[Activity]: From the records below, extract only the lines running from the line with "Top made of" to the line with "儿童扭扭车宝宝滑行车1-3岁四轮带推杆推车推把滑行车", both lines included, reproducing them exactly.

**** Material provided

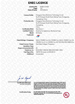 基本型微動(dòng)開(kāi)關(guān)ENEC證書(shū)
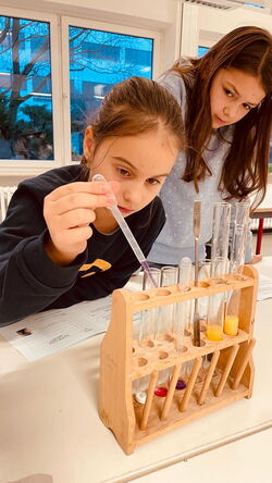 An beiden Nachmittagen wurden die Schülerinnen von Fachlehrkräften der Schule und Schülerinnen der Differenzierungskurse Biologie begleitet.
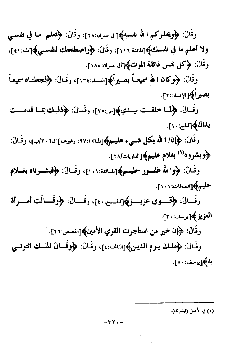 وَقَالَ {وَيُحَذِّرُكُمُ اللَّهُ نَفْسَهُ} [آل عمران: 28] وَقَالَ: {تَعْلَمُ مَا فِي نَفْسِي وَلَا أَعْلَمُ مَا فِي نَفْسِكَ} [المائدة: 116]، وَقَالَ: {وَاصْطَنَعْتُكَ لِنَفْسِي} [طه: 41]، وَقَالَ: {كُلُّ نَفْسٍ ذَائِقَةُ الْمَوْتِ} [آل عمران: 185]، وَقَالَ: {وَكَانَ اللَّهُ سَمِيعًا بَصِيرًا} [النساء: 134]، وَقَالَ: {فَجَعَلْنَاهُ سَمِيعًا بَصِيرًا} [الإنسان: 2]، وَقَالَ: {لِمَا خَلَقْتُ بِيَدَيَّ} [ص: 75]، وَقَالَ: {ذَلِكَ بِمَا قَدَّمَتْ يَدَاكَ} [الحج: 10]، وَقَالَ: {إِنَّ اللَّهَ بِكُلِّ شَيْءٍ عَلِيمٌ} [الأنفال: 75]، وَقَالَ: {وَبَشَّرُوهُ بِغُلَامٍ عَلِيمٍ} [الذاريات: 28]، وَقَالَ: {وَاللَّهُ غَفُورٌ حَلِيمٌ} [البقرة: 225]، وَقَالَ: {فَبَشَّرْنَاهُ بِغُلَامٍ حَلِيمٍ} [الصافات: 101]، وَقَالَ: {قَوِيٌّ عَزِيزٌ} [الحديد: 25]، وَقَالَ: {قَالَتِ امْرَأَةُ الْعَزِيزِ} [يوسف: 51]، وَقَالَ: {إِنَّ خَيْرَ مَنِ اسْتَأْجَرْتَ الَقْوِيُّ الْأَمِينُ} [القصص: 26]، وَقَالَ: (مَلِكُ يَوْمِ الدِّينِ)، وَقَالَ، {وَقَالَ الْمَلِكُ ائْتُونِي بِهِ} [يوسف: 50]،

********
**** Material provided

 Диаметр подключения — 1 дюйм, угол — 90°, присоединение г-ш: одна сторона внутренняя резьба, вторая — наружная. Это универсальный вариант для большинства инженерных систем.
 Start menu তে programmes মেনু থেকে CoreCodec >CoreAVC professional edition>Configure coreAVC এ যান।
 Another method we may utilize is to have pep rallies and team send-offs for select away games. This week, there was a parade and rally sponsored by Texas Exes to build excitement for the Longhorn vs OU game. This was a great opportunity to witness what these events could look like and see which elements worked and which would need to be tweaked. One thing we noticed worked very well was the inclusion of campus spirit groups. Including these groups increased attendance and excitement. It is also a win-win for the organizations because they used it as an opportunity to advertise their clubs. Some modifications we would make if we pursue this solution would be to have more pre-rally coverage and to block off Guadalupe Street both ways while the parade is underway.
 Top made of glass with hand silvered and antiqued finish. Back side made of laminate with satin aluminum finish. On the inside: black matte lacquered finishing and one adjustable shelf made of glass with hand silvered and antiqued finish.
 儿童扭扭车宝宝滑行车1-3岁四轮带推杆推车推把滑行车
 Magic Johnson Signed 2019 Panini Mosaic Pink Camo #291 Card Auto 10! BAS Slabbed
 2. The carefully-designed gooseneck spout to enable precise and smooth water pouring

********

[Solution for this task]:
 Top made of glass with hand silvered and antiqued finish. Back side made of laminate with satin aluminum finish. On the inside: black matte lacquered finishing and one adjustable shelf made of glass with hand silvered and antiqued finish.
 儿童扭扭车宝宝滑行车1-3岁四轮带推杆推车推把滑行车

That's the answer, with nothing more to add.